*** Records supplied ***

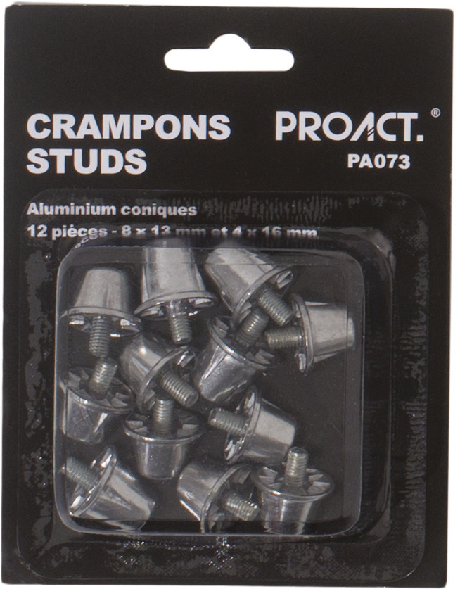 Met de studs van PROACT® geeft u uw schoenen een unieke uitstraling. Deze kegelvormige aluminium noppen zijn de perfecte oplossing voor het personaliseren van uw sortschoenen. Verkrijgbaar in een verpakking van 12, bieden ze veelzijdigheid en stijl in één.
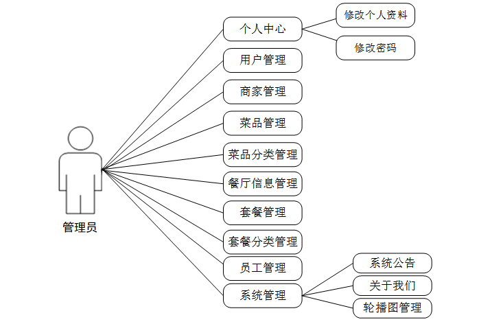 (5)管理员可以对个人中心、用户管理、商家管理、菜品管理、菜品分类管理、餐厅信息管理、套餐管理、套餐分类管理、员工管理、系统管理等功能进行管理。
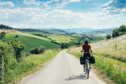 Female tour guide leading a bicycle tour through picturesque countryside. Rolling hills and open fields surround the path
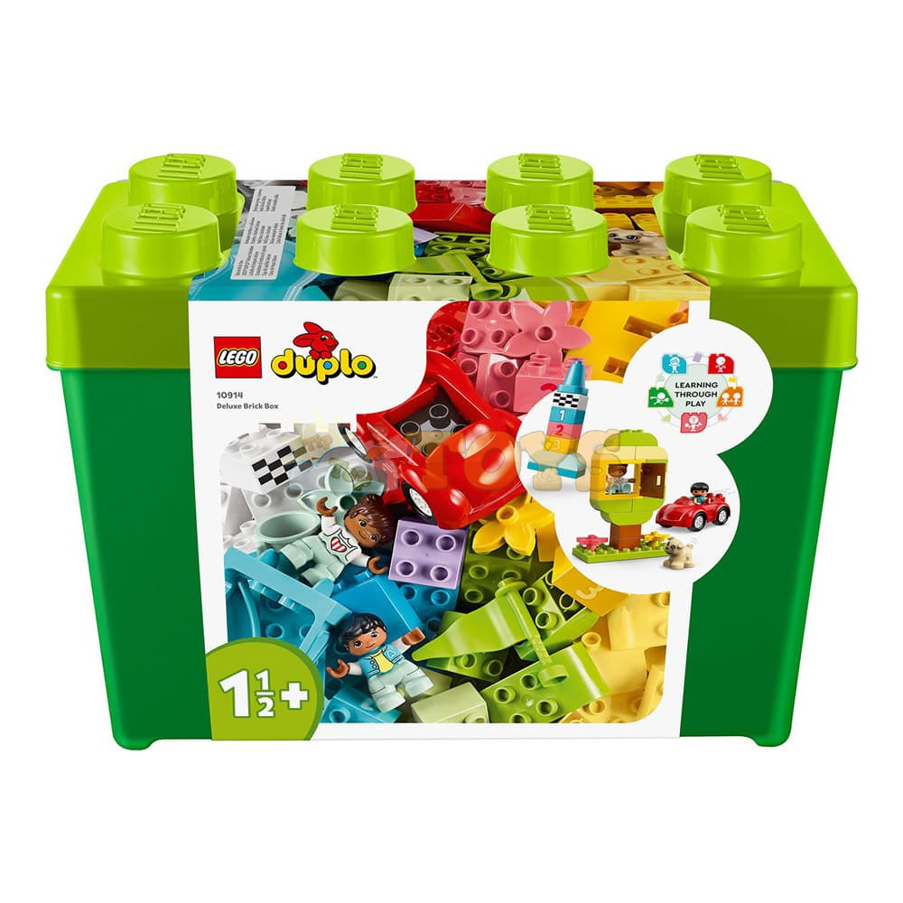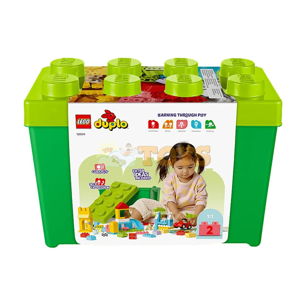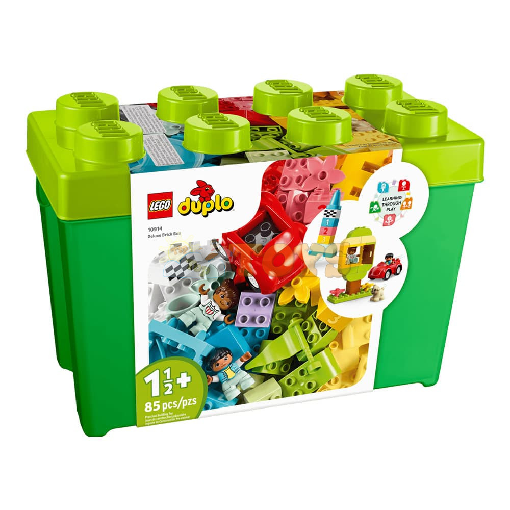 Endless Creativity and Fun for Toddlers The LEGO® DUPLO® Deluxe Brick Box (10914) is an 85-piece building toy designed to excite, engage and educate curious kids aged 18 months and up. With an inviting variety of colorful toddler-friendly bricks and special pieces, it’s the perfect way to inspire young minds with playful learning. Lots to Build, Imagine and Learn This collection of vibrant bricks, recognizable objects and 1–5 number-bricks will inspire kids to build, customize and combine fun models, including a castle, slide, tree and a car. Once kids discover the joy of creative building, anything is possible. Easy Storage and On-the-Go Fun When playtime is over, all the bricks, pieces, figures, and numbers can be neatly stored in the durable container with a large LEGO brick lid. It’s perfect for quick cleanup and taking the fun wherever you go! Developmental Learning for Preschoolers With vibrant, easy-to-grip pieces that invite hands-on exploration, the DUPLO Classic Deluxe Brick Box offers toddlers a creative-play experience that also builds skills. As they explore the open-ended creative fun, children also develop their fine motor skills, hand-eye coordination and problem-solving abilities. Birthday and Christmas Gifts for Growing Minds LEGO DUPLO products are specifically crafted to support the requirements of young children through a wide variety of hands-on activities and play. Parents and caregivers can share these precious moments as their little builders explore and learn. The DUPLO Classic range maximizes kids’ creative potential with an endless supply of inspiration and ideas contained in every box.
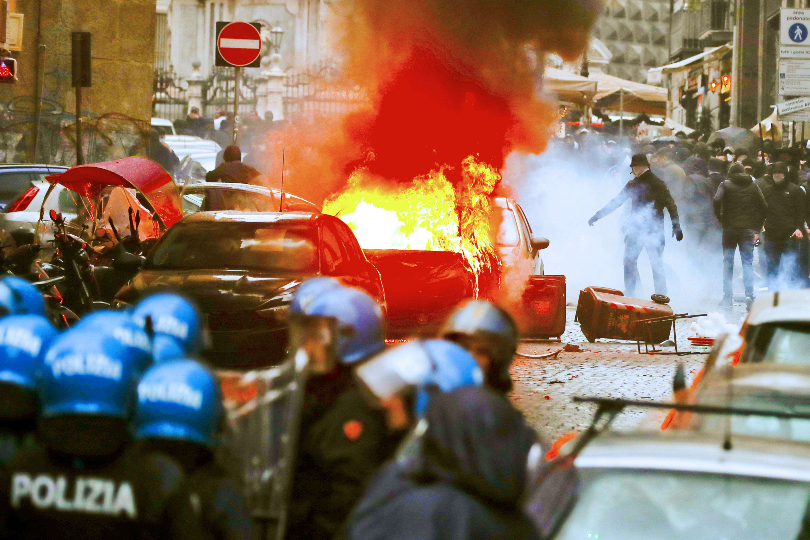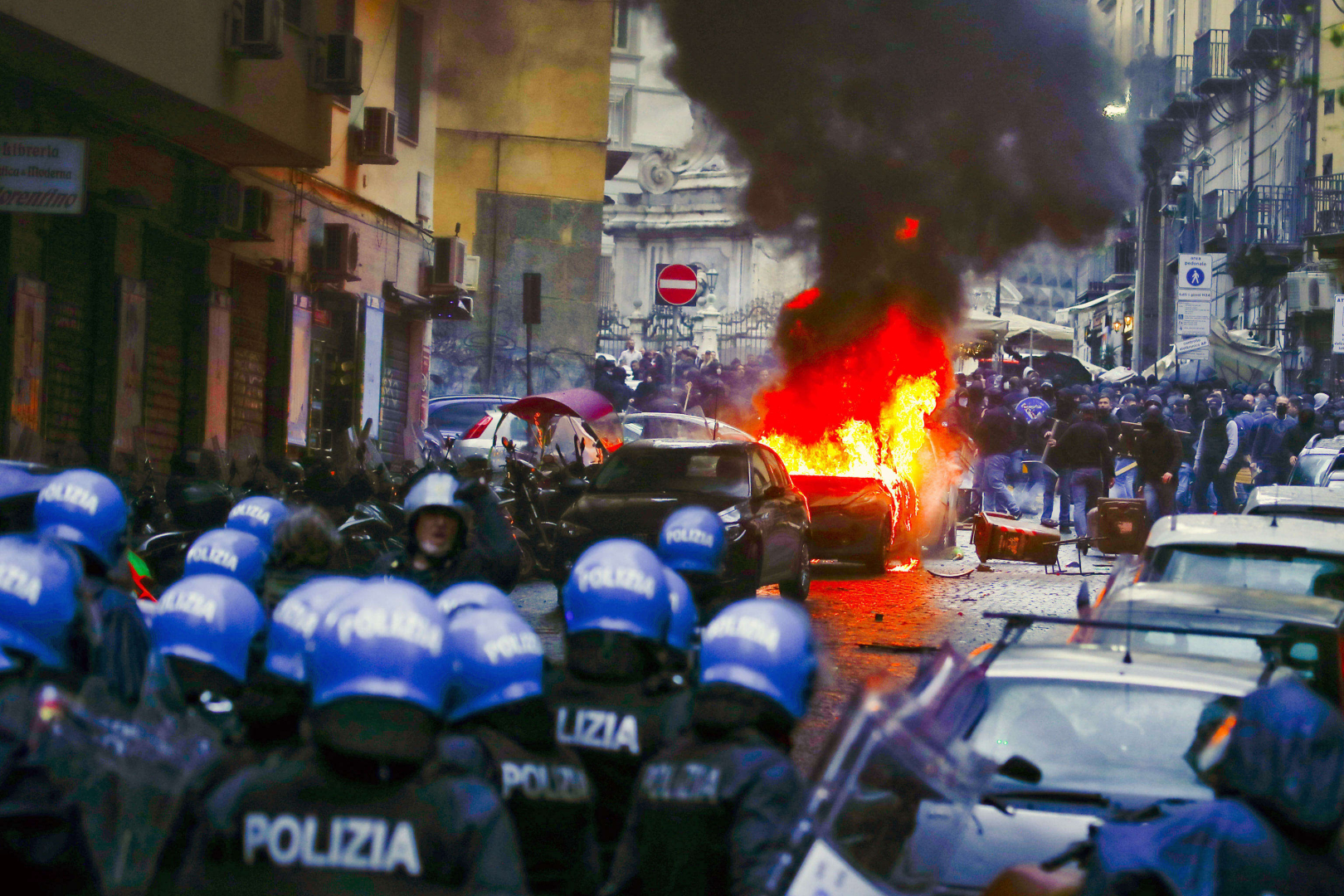 Avrupa futbolunun kulüp düzeyindeki en önemli organizasyonu UEFA Şampiyonlar Ligi'nde son 16 turu rövanş müsabakalarında İtalya temsilcisi Napoli ve Almanya temsilcisi Eintracht Frankfurt arasındaki maç öncesinde İtalya sokakları karıştı.

***

--- Required work ---
Please retype every record above exactly, leaving out the pictures.

--- Result of this task ---
 Met de studs van PROACT® geeft u uw schoenen een unieke uitstraling. Deze kegelvormige aluminium noppen zijn de perfecte oplossing voor het personaliseren van uw sortschoenen. Verkrijgbaar in een verpakking van 12, bieden ze veelzijdigheid en stijl in één.
 (5)管理员可以对个人中心、用户管理、商家管理、菜品管理、菜品分类管理、餐厅信息管理、套餐管理、套餐分类管理、员工管理、系统管理等功能进行管理。
 Female tour guide leading a bicycle tour through picturesque countryside. Rolling hills and open fields surround the path
 Endless Creativity and Fun for Toddlers The LEGO® DUPLO® Deluxe Brick Box (10914) is an 85-piece building toy designed to excite, engage and educate curious kids aged 18 months and up. With an inviting variety of colorful toddler-friendly bricks and special pieces, it’s the perfect way to inspire young minds with playful learning. Lots to Build, Imagine and Learn This collection of vibrant bricks, recognizable objects and 1–5 number-bricks will inspire kids to build, customize and combine fun models, including a castle, slide, tree and a car. Once kids discover the joy of creative building, anything is possible. Easy Storage and On-the-Go Fun When playtime is over, all the bricks, pieces, figures, and numbers can be neatly stored in the durable container with a large LEGO brick lid. It’s perfect for quick cleanup and taking the fun wherever you go! Developmental Learning for Preschoolers With vibrant, easy-to-grip pieces that invite hands-on exploration, the DUPLO Classic Deluxe Brick Box offers toddlers a creative-play experience that also builds skills. As they explore the open-ended creative fun, children also develop their fine motor skills, hand-eye coordination and problem-solving abilities. Birthday and Christmas Gifts for Growing Minds LEGO DUPLO products are specifically crafted to support the requirements of young children through a wide variety of hands-on activities and play. Parents and caregivers can share these precious moments as their little builders explore and learn. The DUPLO Classic range maximizes kids’ creative potential with an endless supply of inspiration and ideas contained in every box.
 Avrupa futbolunun kulüp düzeyindeki en önemli organizasyonu UEFA Şampiyonlar Ligi'nde son 16 turu rövanş müsabakalarında İtalya temsilcisi Napoli ve Almanya temsilcisi Eintracht Frankfurt arasındaki maç öncesinde İtalya sokakları karıştı.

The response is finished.